[[ Record extracts, beginning ]]

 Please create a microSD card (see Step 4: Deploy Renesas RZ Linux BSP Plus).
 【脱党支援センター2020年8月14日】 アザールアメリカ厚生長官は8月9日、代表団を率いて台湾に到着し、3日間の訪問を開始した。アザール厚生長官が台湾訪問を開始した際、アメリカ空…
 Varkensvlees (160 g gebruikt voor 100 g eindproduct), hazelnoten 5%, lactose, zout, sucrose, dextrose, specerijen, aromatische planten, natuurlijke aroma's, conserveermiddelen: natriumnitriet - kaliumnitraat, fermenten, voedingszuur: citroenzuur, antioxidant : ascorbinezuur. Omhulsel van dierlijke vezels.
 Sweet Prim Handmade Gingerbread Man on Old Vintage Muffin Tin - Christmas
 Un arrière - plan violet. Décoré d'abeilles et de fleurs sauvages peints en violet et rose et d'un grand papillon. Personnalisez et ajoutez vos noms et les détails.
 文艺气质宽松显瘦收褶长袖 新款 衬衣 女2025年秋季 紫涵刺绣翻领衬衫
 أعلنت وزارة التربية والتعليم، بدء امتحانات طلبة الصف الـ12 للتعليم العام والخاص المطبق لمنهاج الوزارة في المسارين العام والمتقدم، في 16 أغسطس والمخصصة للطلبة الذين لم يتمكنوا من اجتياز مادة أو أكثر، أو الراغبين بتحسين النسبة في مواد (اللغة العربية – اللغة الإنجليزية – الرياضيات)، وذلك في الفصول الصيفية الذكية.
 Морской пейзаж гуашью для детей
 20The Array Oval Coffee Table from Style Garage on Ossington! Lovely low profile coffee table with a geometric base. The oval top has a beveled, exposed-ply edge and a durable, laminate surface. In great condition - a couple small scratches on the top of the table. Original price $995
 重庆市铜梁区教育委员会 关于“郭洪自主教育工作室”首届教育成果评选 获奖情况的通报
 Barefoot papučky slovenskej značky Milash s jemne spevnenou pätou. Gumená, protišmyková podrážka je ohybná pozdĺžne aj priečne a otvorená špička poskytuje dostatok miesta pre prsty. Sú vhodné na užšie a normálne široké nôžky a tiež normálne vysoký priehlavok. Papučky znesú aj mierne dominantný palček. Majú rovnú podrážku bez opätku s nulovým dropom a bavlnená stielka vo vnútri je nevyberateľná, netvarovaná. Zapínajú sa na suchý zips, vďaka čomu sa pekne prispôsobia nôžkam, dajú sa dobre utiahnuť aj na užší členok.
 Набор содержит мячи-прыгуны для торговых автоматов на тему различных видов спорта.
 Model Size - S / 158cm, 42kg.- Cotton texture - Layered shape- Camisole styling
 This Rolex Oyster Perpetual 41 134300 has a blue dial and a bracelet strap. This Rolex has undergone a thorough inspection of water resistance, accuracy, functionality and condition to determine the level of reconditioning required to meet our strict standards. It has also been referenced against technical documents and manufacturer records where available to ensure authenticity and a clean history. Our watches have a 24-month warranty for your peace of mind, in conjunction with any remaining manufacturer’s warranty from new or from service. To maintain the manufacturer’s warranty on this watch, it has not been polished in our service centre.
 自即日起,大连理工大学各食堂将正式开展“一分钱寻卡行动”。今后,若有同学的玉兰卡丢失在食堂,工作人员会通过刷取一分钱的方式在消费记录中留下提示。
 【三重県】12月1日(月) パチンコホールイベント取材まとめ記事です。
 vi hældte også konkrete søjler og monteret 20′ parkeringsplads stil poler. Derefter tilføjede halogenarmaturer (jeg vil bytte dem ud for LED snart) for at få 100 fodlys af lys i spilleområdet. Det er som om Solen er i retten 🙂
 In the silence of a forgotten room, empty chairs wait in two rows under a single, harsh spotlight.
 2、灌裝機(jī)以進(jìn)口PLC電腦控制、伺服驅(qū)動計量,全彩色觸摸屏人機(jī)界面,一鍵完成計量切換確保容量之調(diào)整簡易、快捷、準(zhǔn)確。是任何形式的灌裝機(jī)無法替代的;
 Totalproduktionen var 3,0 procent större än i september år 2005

[[ Record extracts, end ]]

__Work to complete__. From the entries above, print the lines beginning at the one with "أعلنت وزارة التربية" and stopping after the one with "Морской пейзаж гуашью для детей", exactly as written and with nothing else.

__Exercise answer__.
 أعلنت وزارة التربية والتعليم، بدء امتحانات طلبة الصف الـ12 للتعليم العام والخاص المطبق لمنهاج الوزارة في المسارين العام والمتقدم، في 16 أغسطس والمخصصة للطلبة الذين لم يتمكنوا من اجتياز مادة أو أكثر، أو الراغبين بتحسين النسبة في مواد (اللغة العربية – اللغة الإنجليزية – الرياضيات)، وذلك في الفصول الصيفية الذكية.
 Морской пейзаж гуашью для детей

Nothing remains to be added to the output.